TASK TO COMPLETE - Please write the listing below out again exactly, leaving every picture behind.

INPUT DATA -
Content starts

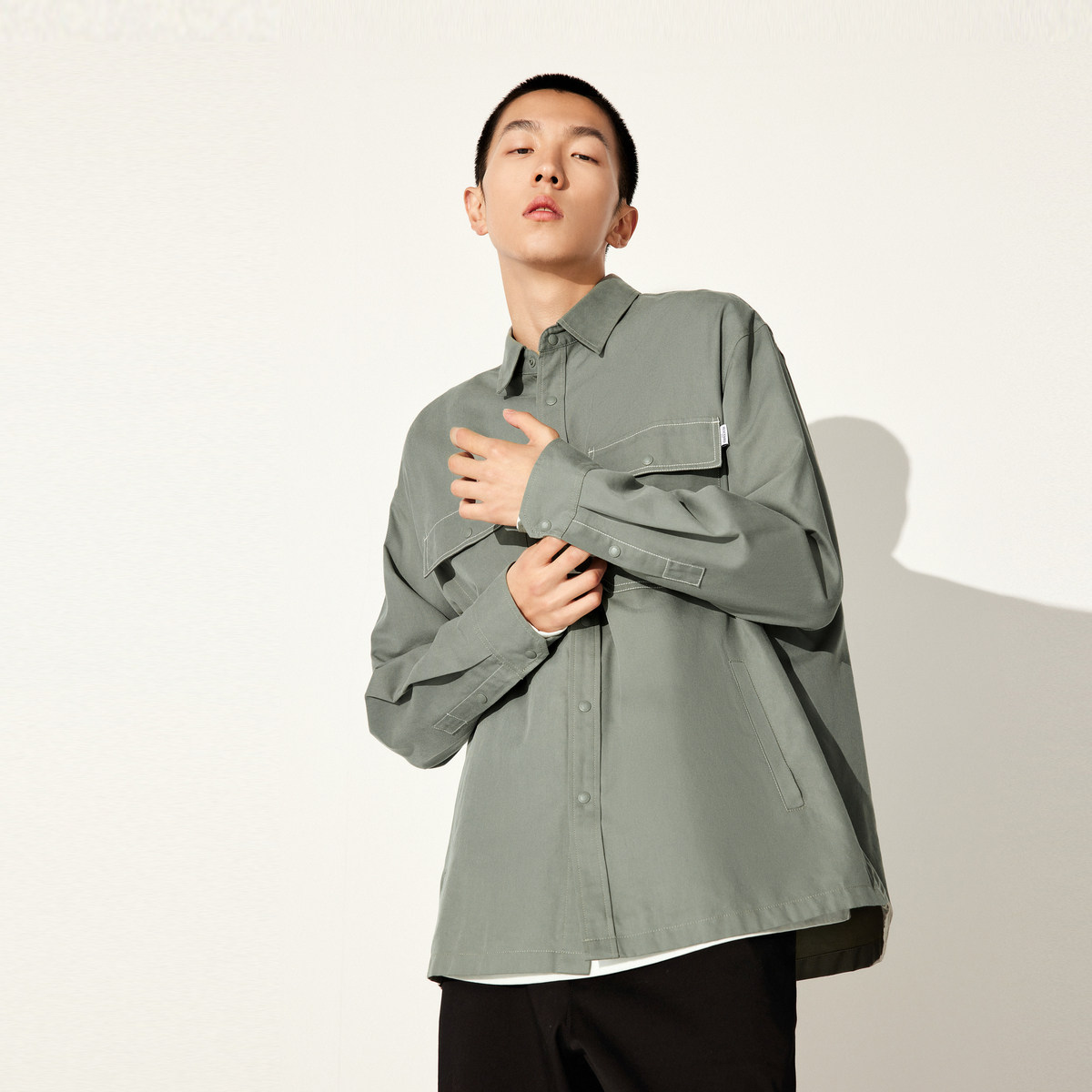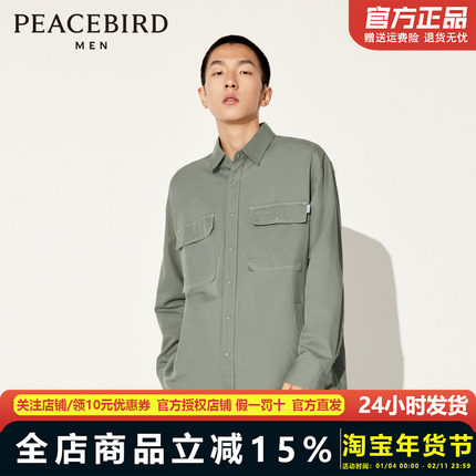 太平鸟男装 休闲衬衫外穿式工装长袖衬衣舒适时尚男上衣B2CHD3205
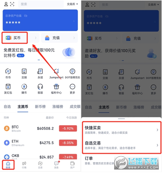 第一步:打开欧易APP,在首页点击买币按钮,选择快捷买卖/自选交易,此处以快捷买卖为例。
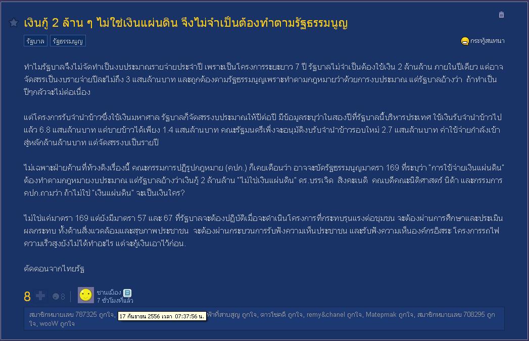 ผมว่า ปชป. จะพูดว่า เงินสองล้านล้านมีความจำเป็นต้องดำเนินการแน่นอนครับ

Content ends

TASK ANSWER -
 太平鸟男装 休闲衬衫外穿式工装长袖衬衣舒适时尚男上衣B2CHD3205
 第一步:打开欧易APP,在首页点击买币按钮,选择快捷买卖/自选交易,此处以快捷买卖为例。
 ผมว่า ปชป. จะพูดว่า เงินสองล้านล้านมีความจำเป็นต้องดำเนินการแน่นอนครับ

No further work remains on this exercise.